» WORK INSTRUCTIONS: If pictures appear in the lines below, skip them and copy exactly the lines from the one containing "Leaflet for 'Snow" through the one containing "و علشان جون", and nothing else.

» WORKING DATA:
◆ ◆ ◆ ◆ ◆

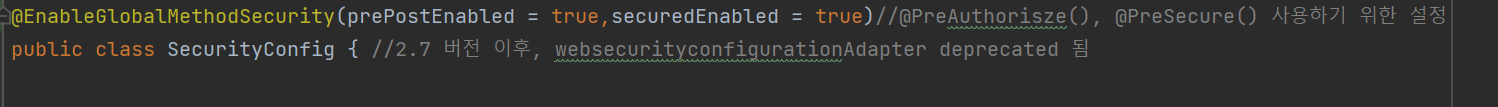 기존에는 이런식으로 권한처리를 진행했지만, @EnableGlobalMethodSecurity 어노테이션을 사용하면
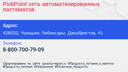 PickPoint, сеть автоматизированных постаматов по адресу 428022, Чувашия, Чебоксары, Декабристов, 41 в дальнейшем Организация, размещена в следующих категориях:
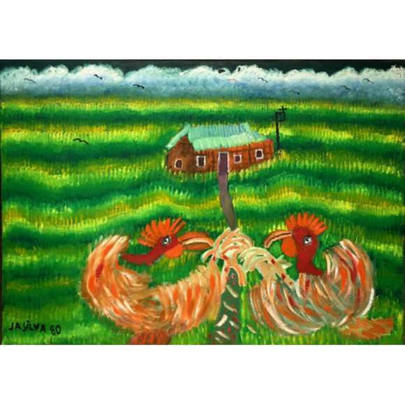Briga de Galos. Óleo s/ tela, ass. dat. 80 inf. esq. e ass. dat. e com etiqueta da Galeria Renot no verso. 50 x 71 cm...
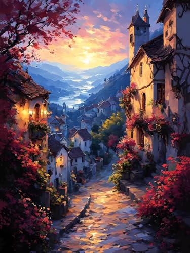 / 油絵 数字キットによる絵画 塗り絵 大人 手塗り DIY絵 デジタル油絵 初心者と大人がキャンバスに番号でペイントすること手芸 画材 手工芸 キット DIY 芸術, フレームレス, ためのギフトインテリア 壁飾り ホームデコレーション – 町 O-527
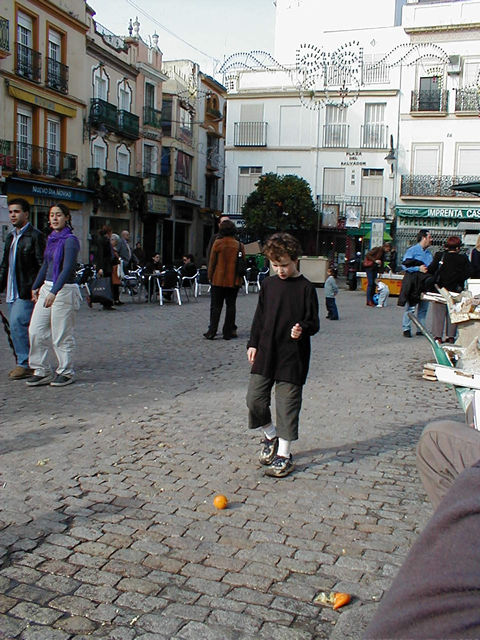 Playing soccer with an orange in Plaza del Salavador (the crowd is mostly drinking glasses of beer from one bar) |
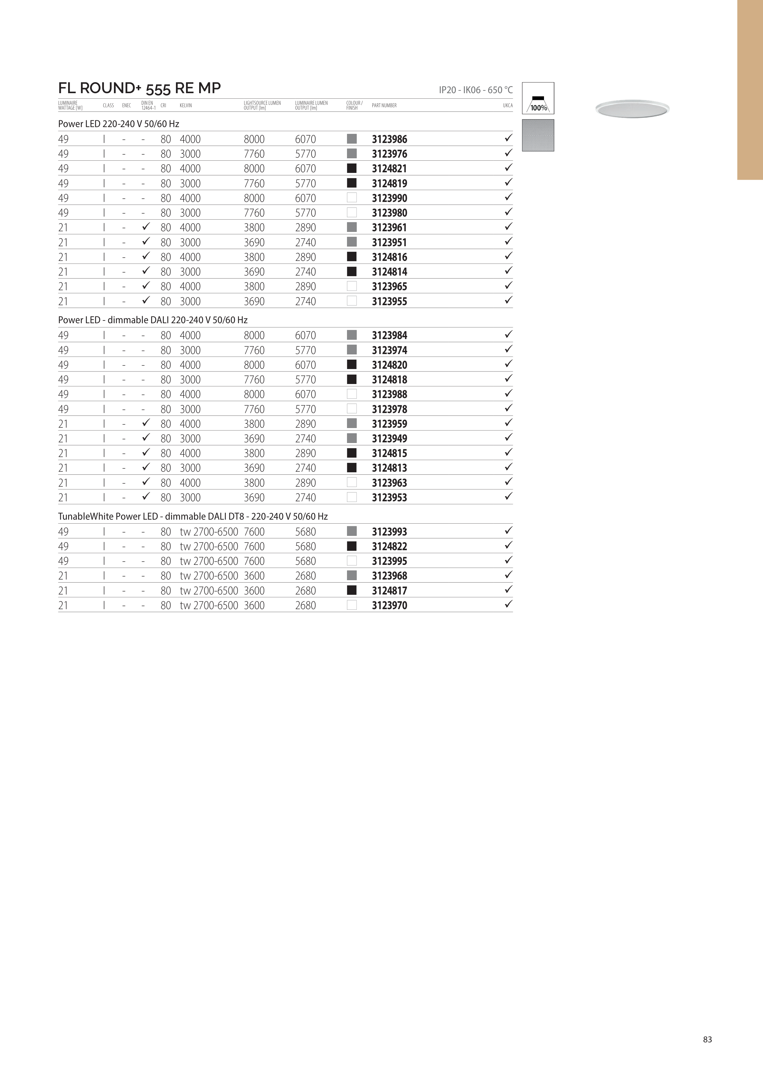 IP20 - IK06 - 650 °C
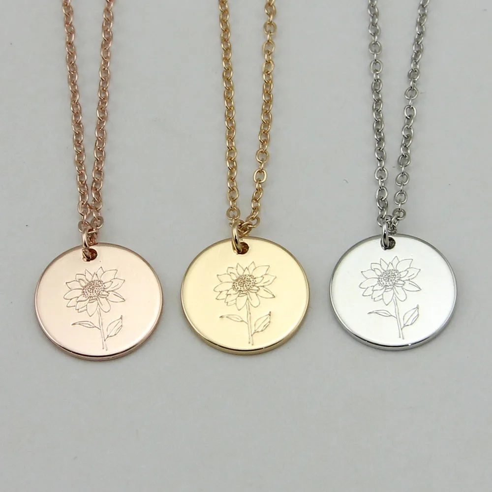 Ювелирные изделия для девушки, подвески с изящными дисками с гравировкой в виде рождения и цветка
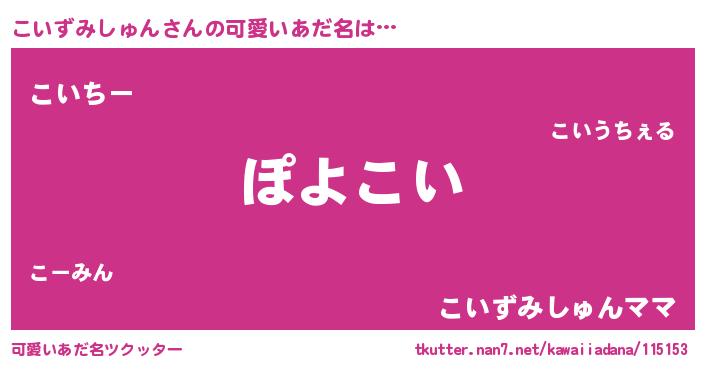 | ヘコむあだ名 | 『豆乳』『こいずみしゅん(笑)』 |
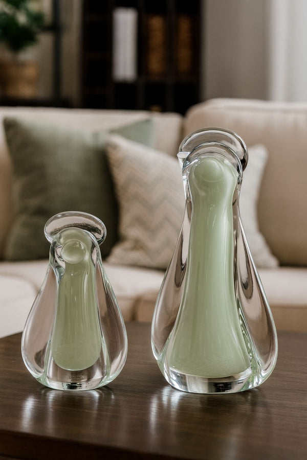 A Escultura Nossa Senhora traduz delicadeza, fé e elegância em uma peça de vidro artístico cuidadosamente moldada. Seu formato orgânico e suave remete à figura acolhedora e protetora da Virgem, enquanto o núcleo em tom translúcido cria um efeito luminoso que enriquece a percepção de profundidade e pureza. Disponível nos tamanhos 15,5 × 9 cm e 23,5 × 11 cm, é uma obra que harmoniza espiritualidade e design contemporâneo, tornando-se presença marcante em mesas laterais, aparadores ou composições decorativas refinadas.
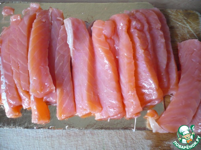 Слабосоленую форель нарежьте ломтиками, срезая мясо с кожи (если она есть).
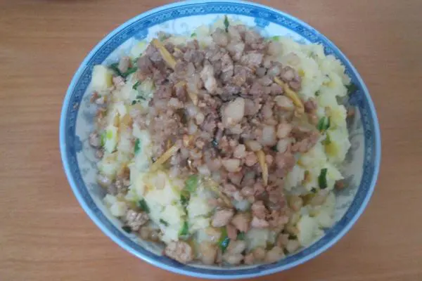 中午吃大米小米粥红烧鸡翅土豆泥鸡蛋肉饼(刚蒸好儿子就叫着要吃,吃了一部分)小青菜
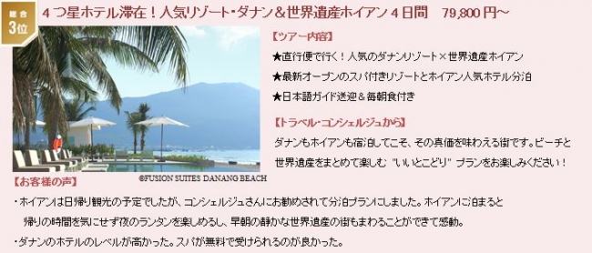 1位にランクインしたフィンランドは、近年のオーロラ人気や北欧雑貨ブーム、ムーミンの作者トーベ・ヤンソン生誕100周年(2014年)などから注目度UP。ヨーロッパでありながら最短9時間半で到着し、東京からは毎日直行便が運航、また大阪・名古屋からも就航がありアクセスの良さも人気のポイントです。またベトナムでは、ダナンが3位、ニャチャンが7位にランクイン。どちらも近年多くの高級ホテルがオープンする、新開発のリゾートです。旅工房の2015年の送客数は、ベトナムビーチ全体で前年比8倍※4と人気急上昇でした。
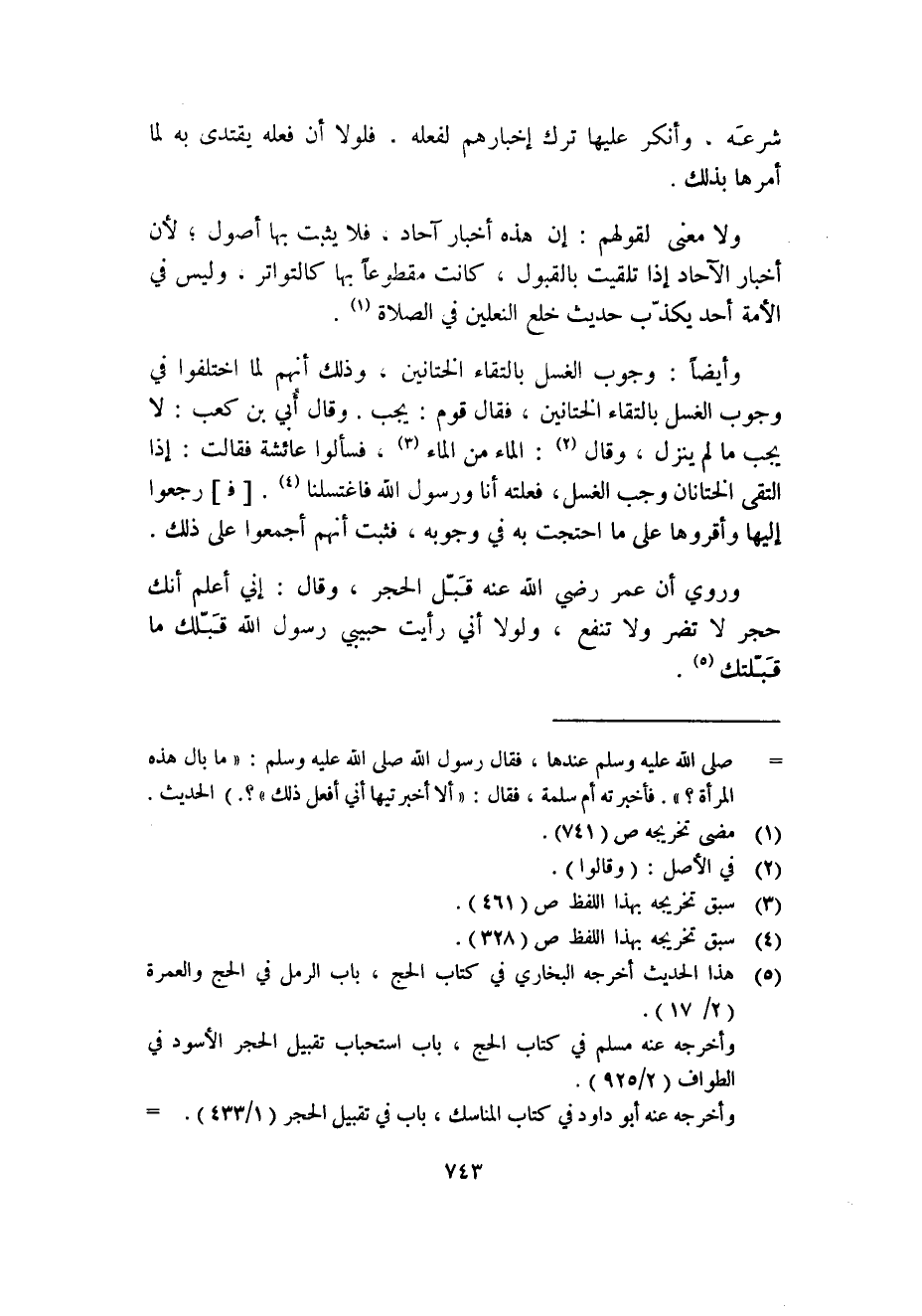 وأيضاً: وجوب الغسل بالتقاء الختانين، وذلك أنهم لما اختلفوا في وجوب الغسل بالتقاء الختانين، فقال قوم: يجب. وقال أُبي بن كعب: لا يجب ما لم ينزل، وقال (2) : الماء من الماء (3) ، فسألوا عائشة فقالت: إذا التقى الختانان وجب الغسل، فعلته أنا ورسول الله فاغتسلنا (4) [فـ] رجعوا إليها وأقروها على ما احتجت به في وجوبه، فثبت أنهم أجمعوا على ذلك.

◆ ◆ ◆ ◆ ◆

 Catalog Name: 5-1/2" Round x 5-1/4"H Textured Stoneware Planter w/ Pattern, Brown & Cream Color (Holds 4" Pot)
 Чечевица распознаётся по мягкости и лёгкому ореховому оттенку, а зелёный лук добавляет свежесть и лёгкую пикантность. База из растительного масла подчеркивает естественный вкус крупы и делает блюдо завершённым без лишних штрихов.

◆ ◆ ◆ ◆ ◆

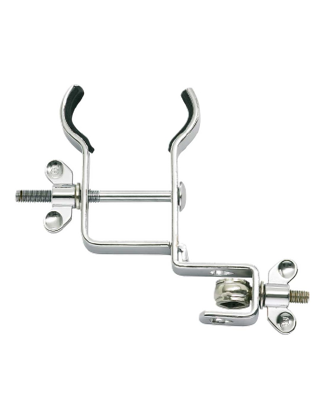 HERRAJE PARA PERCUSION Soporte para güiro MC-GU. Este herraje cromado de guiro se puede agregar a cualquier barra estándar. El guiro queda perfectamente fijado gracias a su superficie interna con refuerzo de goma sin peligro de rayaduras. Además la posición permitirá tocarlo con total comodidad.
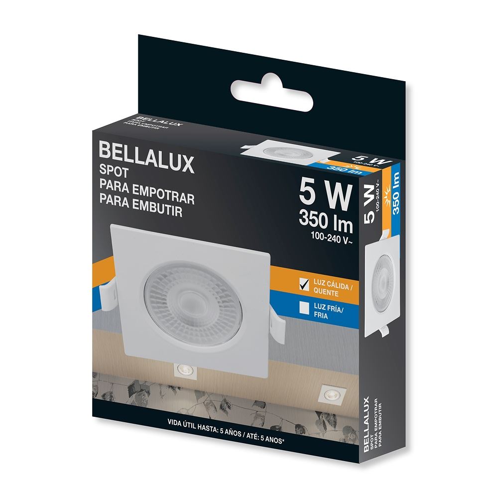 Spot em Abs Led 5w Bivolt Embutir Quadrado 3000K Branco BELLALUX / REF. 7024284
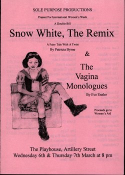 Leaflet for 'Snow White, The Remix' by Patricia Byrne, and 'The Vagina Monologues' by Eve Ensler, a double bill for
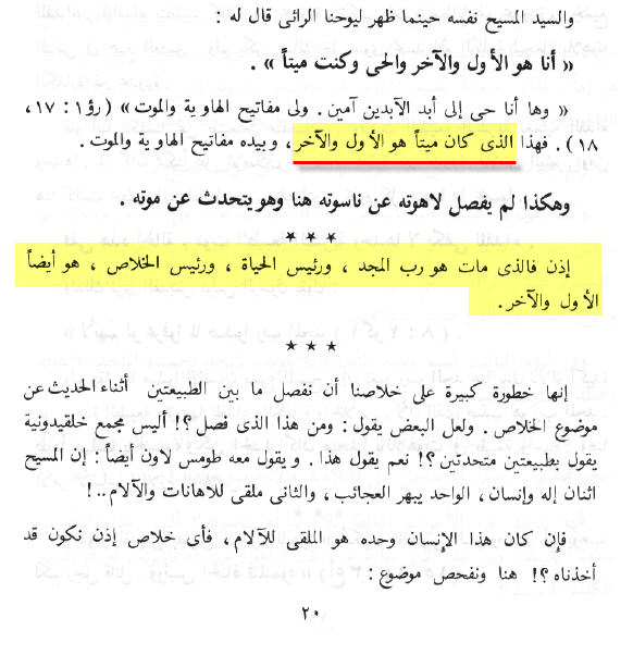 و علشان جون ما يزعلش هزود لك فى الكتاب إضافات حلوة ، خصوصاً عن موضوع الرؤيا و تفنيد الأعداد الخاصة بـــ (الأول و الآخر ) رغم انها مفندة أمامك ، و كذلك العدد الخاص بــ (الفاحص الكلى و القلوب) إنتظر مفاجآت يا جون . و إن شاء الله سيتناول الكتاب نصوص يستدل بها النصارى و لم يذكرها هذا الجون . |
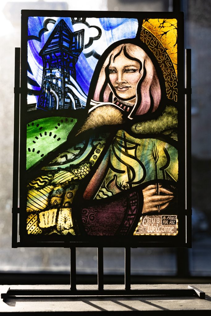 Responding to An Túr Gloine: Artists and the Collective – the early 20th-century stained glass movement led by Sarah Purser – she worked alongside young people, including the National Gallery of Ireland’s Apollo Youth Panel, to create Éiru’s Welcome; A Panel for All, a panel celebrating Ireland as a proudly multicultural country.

◆ ◆ ◆ ◆ ◆

» RESPONSE AREA:
 Leaflet for 'Snow White, The Remix' by Patricia Byrne, and 'The Vagina Monologues' by Eve Ensler, a double bill for
 و علشان جون ما يزعلش هزود لك فى الكتاب إضافات حلوة ، خصوصاً عن موضوع الرؤيا و تفنيد الأعداد الخاصة بـــ (الأول و الآخر ) رغم انها مفندة أمامك ، و كذلك العدد الخاص بــ (الفاحص الكلى و القلوب) إنتظر مفاجآت يا جون . و إن شاء الله سيتناول الكتاب نصوص يستدل بها النصارى و لم يذكرها هذا الجون . |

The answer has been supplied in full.